On Tuesday afternoon, in what, even amongst the much-altered standards of the Trump-era, will go down as a strange and repulsive press conference, Trump took his decisive position on the issue. Here, in order, is what happened at the press conference:
Trump bragged about how many jobs have been created under his watch.
Trump excused his hesitation to initially condemn Nazis and white nationalists on not knowing all the facts.
Trump did not decisively call the driving of the car into the crowd of counter-protesters terrorism.
Trump, unprompted, attacked Senator John McCain for his healthcare vote.
Trump refused to condemn the alt-right, instead pivoting to the idea that there may be a just-as-bad alt-left.
Trump silenced a reporter by referring to him as “fake news.”
Trump refused to condemn Nazis and white nationalists again, saying “I've condemned neo-Nazis.

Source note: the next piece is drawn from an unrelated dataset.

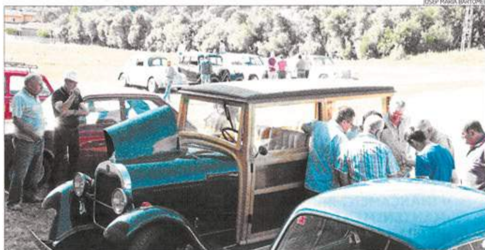
JOSEP MARIA BARTOMEU

agruparà totes les entitats del poble "amb l'objectiu de treballar junts pel municipi", explica Espigol. Així es vol dotar de més transparència la gestió. ■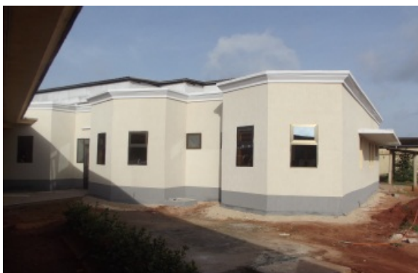
Avec l'aide de IO domani, FIAGOP

I've condemned many different groups.”
Trump defended the white supremacists marching by saying that some of them were innocently there to protest the taking down of the statue of Robert E. Lee.

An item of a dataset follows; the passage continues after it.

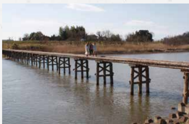
③小目沼橋 昭和31年(1956年)につくられた木製橋で、2度の改修を経て現在に至っています。趣のある風景は映画やドラマの撮影に度々使用され、また釣りスポットとしても知られています。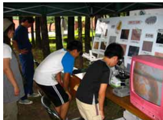
2010水のワークショップ

Trump attacked the press for being dishonest again.
Trump claimed that the logical extension of removing statues to Lee and Stonewall Jackson is removing statues to George Washington.
Trump bragged about job creation again.
Trump blamed both sides again.
Trump attacked the counter-protesters for being violent.
Trump claimed there were good people in both groups
Trump reiterated again that the removal of statues to George Washington and Thomas Jefferson is the logical extension of removal of statues to the Confederacy.
Trump claimed that tearing down the statues changes history and culture.
Trump again failed to directly condemn white nationalists and neo-Nazis again, saying only that “they should be condemned,” but not doing it himself.
Trump accused the press of treating the nice, fine people marching with the white nationalists “absolutely unfairly.”
Trump claimed that the people the “night before” were good people peacefully protesting the removal of the statue.
Trump claimed that the Nazis had a permit and the counter-protesters didn’t.
Trump concluded on the subject by saying: “So I only tell you this. There are two sides to a story. I thought what took place was horrible moment for our country, a horrible moment. But there are two sides to the country.”
I’m not going to spend the time to parse every one of these statements individually. It should suffice to say simply that taken together, they represent an absolutely astounding attempt, from an American president, to minimize the evil of white supremacy. However three features of Trump’s press conference, each repeated numerous times, are worth highlighting.
First, the most subtle way of minimizing white supremacy is by portraying “the other side” as just as bad. This is a transparent false equivalency. Since World War II, it has been obvious that Nazis are worth condemning whenever and wherever they rear their ugly heads. This week, Trump abrogated that norm.
There is a second more overt way in which Trump’s press conference served as a defense of white nationalism. In every answer Trump gave, he implied or stated outright that the press had been too hard on white nationalists and too soft on counter-protesters. The implication is that “the people” aren’t getting “the real narrative” about the “good Nazi marchers.”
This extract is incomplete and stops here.